L'Asie est un paradis pour les abeilles

©IFAD/Minzayar Oo/Panos

La région asiatique, située sous les tropiques, présente une grande diversité de pollinisateurs. Sa riche végétation et son climat doux favorisent la population de pollinisateurs. Les abeilles solitaires et sociales comptent parmi les principales espèces de pollinisateurs. Les autres insectes pollinisateurs sont les papillons, les papillons de nuit, les coléoptères et les mouches. Les oiseaux et les mammifères pollinisent des fleurs plus grandes, mais les abeilles domestiques sont les espèces de pollinisateurs les plus étudiées.

Sur les 12 espèces d'abeilles mellifères, 11 sont originaires d'Asie, à savoir : les abeilles naines (Apis andreniformis et Apis florea), les abeilles géantes (Apis dorsata, Apis laboriosa, Apis dorsata binghami et Apis breviligula) et les abeilles cavernicoles (Apis koschevnikovi, Apis cerana, Apis nigrocincta, Apis nuluensis et Apis indica).

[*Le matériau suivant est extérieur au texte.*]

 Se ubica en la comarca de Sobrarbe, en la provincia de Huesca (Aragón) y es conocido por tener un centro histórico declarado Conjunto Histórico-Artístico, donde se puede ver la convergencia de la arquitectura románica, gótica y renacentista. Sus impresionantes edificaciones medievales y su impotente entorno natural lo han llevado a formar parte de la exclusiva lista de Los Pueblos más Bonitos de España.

L'abeille européenne Apis mellifera n'est pas originaire d'Asie. La plupart des études sur la pollinisation se sont concentrées sur les cultures agricoles et les plantations de grande valeur. Les abeilles géantes, Apis dorsata, A. breviligula, A. dorsata binghami et A. laboriosa, fournissent des services de pollinisation dans les écosystèmes forestiers et sont des sources de revenus dérivés du miel et de la cire d'abeille. Apis laboriosa, l'abeille géante de l'Himalaya, est la plus grande espèce d'abeille. Koeniger et al. (2010) ont décrit les abeilles de Bornéo et ont plaidé pour une apiculture durable avec des abeilles indigènes. L'abeille domestique Apis nuluensis, qui niche dans les cavités, n'habite que les hautes terres du Mont Kinabalu à Sabah, sur l'île de Bornéo.

Les abeilles sans dard constituent une espèce prometteuse pour la pollinisation des cultures et la production de produits de valeur tels que le miel, le pollen et la propolis. Aux Philippines, en Malaisie et en Thaïlande, les abeilles sans dard sont utilisées à grande échelle pour la pollinisation des vergers, en particulier des mangues, des ramboutans et des lanzones.

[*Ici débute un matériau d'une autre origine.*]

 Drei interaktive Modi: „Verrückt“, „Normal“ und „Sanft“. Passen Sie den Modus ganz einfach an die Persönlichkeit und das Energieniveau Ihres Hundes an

Les technologies suivantes ont été développées et adoptées : propagation d'abeilles sans dard à l'aide de coquilles de noix de coco, récolte du miel, du pollen et de la propolis des abeilles sans dard et utilisation des abeilles sans dard pour la pollinisation.

D'après l'analyse du pollen, les abeilles sans aiguillon visitent davantage de plantes sauvages et économiques que les abeilles mellifères, Apis cerana et Apis mellifera. Cela montre qu'elles sont véritablement polylectiques, avec 69 familles et 179 genres de plantes recensées comme hôtes dans la région indo-malaise/australasienne (Rasmussen, 2008). En outre, les abeilles sans dard sont plus diversifiées que les abeilles domestiques, puisqu'elles se composent de 50 genres et d'environ 600 espèces, dont environ 80 espèces en Asie du Sud-Est et 11 en Australie (Heard, 2016).

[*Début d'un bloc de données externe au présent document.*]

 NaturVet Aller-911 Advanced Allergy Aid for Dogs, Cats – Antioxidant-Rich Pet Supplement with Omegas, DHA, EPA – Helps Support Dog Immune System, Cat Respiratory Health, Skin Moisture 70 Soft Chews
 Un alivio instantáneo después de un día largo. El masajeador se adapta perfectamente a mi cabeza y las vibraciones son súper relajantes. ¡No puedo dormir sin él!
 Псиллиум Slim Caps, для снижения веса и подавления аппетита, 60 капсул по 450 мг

En Asie, les menaces les plus importantes pour les populations locales d'abeilles mellifères sont la déforestation, la pression de chasse excessive, la perte de sites de nidification, les parasites et les pathogènes, le changement climatique, les incendies de forêt, les pesticides, l'éclairage public, les déplacements anthropiques, le tourisme et la concurrence avec l'abeille introduite Apis mellifera (Oldroyd et Nanork, 2009).

L'introduction d'A. mellifera a eu un impact négatif sur la population d'abeilles locales (He et Liu, 2011). Yang (2005) a signalé une réduction de la population d'A. cerana de plus de 75 %. Alors que la diversité des pollinisateurs est encore élevée en Chine, Teichroew et al. (2016) ont identifié les mêmes menaces pour la diversité que celles observées aujourd'hui à l'échelle mondiale.

Cependant, malgré l'importance des pollinisateurs pour l'agriculture, les données scientifiques concernant les pollinisateurs de la région, y compris les espèces d'abeilles indigènes, sont limitées et ont été générées à l'aide de méthodes très diverses. Il est nécessaire de développer une méthode harmonisée pour étudier l'état des pollinisateurs dans la région (pays par pays), leur densité relative, leur abondance relative et leur santé. L'initiative viserait à identifier les scénarios les plus vulnérables, à déterminer les causes et à fournir des méthodes d'atténuation afin de protéger les pollinisateurs.